Showing posts with label Turkey. Show all posts
Showing posts with label Turkey. Show all posts

Saturday, 11 August 2012

The Black Bag of Shame


I've mentioned in one of my recent blogs what a wizened old prune I've always been. Even as a seventeen year-old I could pass for fifty-five. Nearly. Well, I could easily buy bottles of Martini for my then-girlfriend and her mates, who were all fifteen at the time. It felt furtive but drinking the sickly sweet shite felt oh so good. Well, not drinking it, obviously, but its effect. I didn't know any better. It was the summer of 1987. My family had gone to Malta and left me alone for two weeks. What the hell else was I supposed to do with a houseful of fifteen year old girls?

Now that I'm 637 (and a half), I thought that this furtive feeling was just a distant memory. But in Turkey, "the system" reduced me to clandestine pickups of bags of booze just like the olden days. I took to downloading some vintage Terence Trent D'Arby tracks from YouTube just to make it all feel genuinely teenage again.

As far as I can see, Turkey has an odd relationship with alcohol.

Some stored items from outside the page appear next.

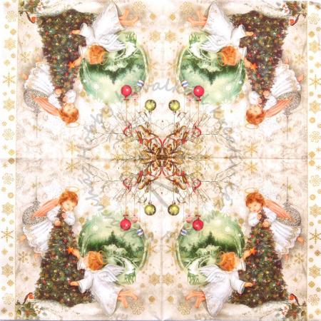 Szalvéta Két angyalka fát díszít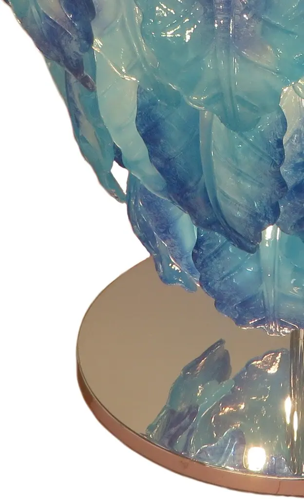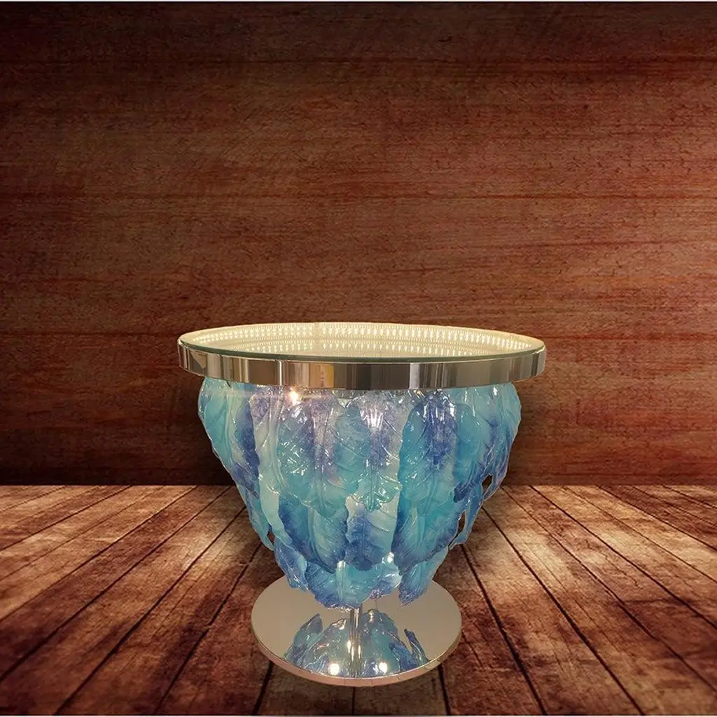 Modern Italian illuminated table with infinity lit mirror, dressed with blue and aquamarine Murano glass leaves mounted on chrome metal base / Designed by Fabio Bergomi for Fabio Ltd / Made in ItalyLED light strip plus 12 sockets G9 type max 40W eachMeasures: Diameter 27.5 inches / height 25.5 inchesOrder only / This item ships from ItalyOrder reference #: FABIOLTD L100 BLUEThe listed price applies to Chrome finish, Gold finish available with upcharge of $1,400.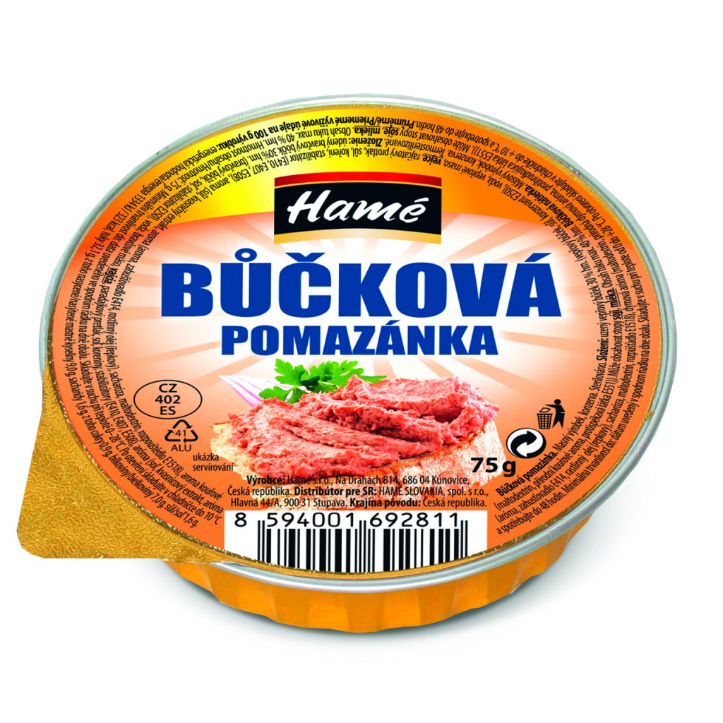 NUTRIČNÍ HODNOTY produktu - Hamé Pomazánka bůčková 75 g / 100g výrobku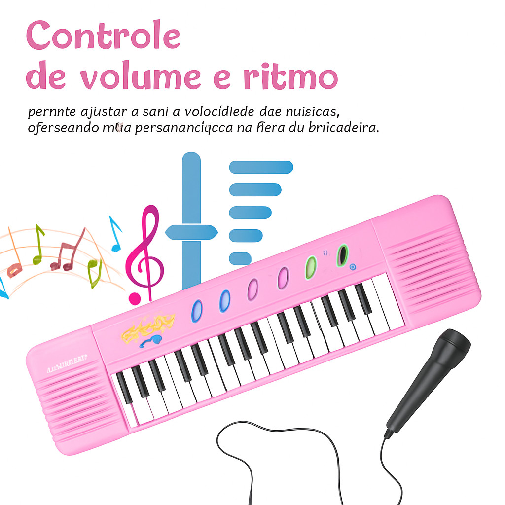 Teclado Infantil 32 Teclas Com Microfone Karaokê Brinquedo Crianças Musical Educativo Rosa Kizumba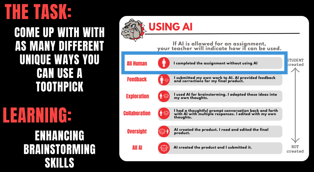 We then say to the students ‘what was the purpose of the activity?’. Well the purpose was for them to showcase their brainstorming and thinking skills. So in this example, we wanted students to use their own thinking by thinking alone, then collaborate with another individual and work together on each others’ thoughts…not AI thinking. We provide the ‘Using AI’ visual so they can see where that task would be on the list. This particular example models the All Human category.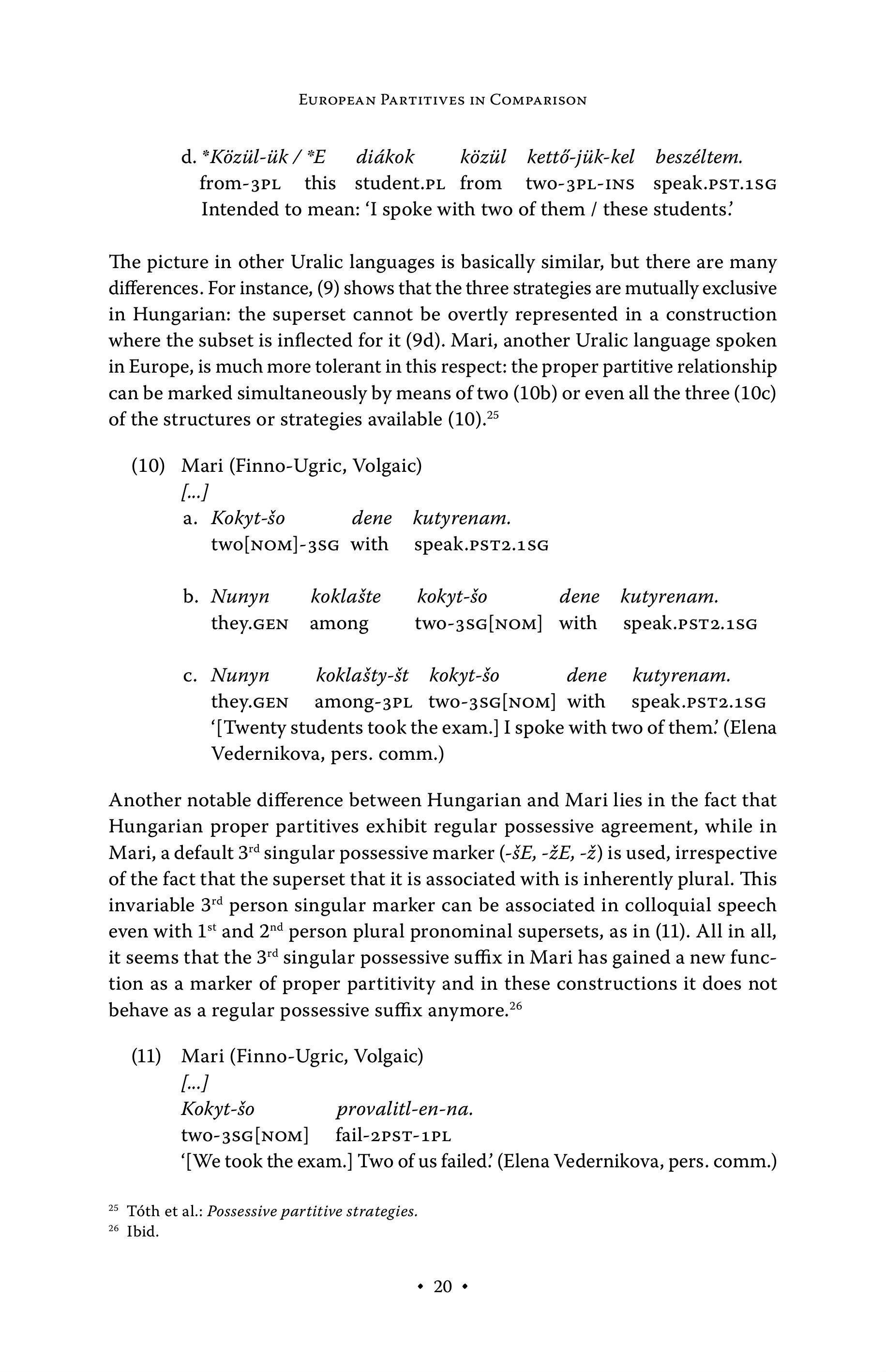 EUROPEAN PARTITIVES IN COMPARISON d.*Közül-ük/*E — diákok közül kettő-jük-kel beszéltem. from-3PL this student.pL Írom two-3PL-INS speak.PST.1SG Intended to mean: ‘I spoke with two of them / these students? The picture in other Uralic languages is basically similar, but there are many differences. For instance, (9) shows that the three strategies are mutually exclusive in Hungarian: the superset cannot be overtly represented in a construction where the subset is inflected for it (9d). Mari, another Uralic language spoken in Europe, is much more tolerant in this respect: the proper partitive relationship can be marked simultaneously by means of two (10b) or even all the three (10c) of the structures or strategies available (10). (10) Mari (Finno-Ugric, Volgaic) [..] a. Kokyt-so dene kutyrenam. two[noM]-3sG with speak.psT2.1sG b. Nunyn koklaste kokyt-$o dene kutyrenam. they.GEN among two-3SG[NOM] with speak.psT2.1sG c. Nunyn koklasty-st kokyt-so dene kutyrenam. they.GEN among-3PL two-3SG[NOM] with speak.PST2.15G ‘[Twenty students took the exam.] I spoke with two of them? (Elena Vedernikova, pers. comm.) Another notable difference between Hungarian and Mari lies in the fact that Hungarian proper partitives exhibit regular possessive agreement, while in Mari, a default 3" singular possessive marker (-SE, -ZE, -Z) is used, irrespective of the fact that the superset that it is associated with is inherently plural. This invariable 3" person singular marker can be associated in colloquial speech even with 1‘ and 2" person plural pronominal supersets, as in (11). All in all, it seems that the 3" singular possessive suffix in Mari has gained a new function as a marker of proper partitivity and in these constructions it does not behave as a regular possessive suffix anymore.”° (11) Mari (Finno-Ugric, Volgaic) [...] Kokyt-so provalitl-en-na. two-3SG[NOM] fail-2PST-1PL ‘[We took the exam.] Two of us failed! (Elena Vedernikova, pers. comm.) > Töth et al.: Possessive partitive strategies. 26 Ibid. + 20 +

Although the country itself is officially secular, the vast majority of Turks are Muslims and, according to the Koran at least, Muslims don't drink. Now, Turkey is known in the west for offering a fairly relaxed sort of Islam, certainly not the kind of place that's going to stone the missus if she looks suggestively at a donkey, but does this relaxation extend to alcohol?

There are lots of establishments in Turkey that advertise the fact that they sell their expensive booze. Outside of Istanbul, restaurants rarely seem to sell it. Even those outdoor cafés that do sell it, like those in Bandirma, never had anyone visibly drinking it. Supermarkets almost never sell it either (I've seen only two that do in the whole of Turkey and one of those was in Istanbul) and neither do most corner shops. But if the bright blue logo of Turkish brand Efes or the easier-to-miss gold of Tuborg is shown around a corner shop's logo, then it's an off licence. And yet I seem to be the only person who goes into these places. Here's the procedure:

1. I walk in. The shopowner looks guilty. He never smiles (which is unusual for a Turk).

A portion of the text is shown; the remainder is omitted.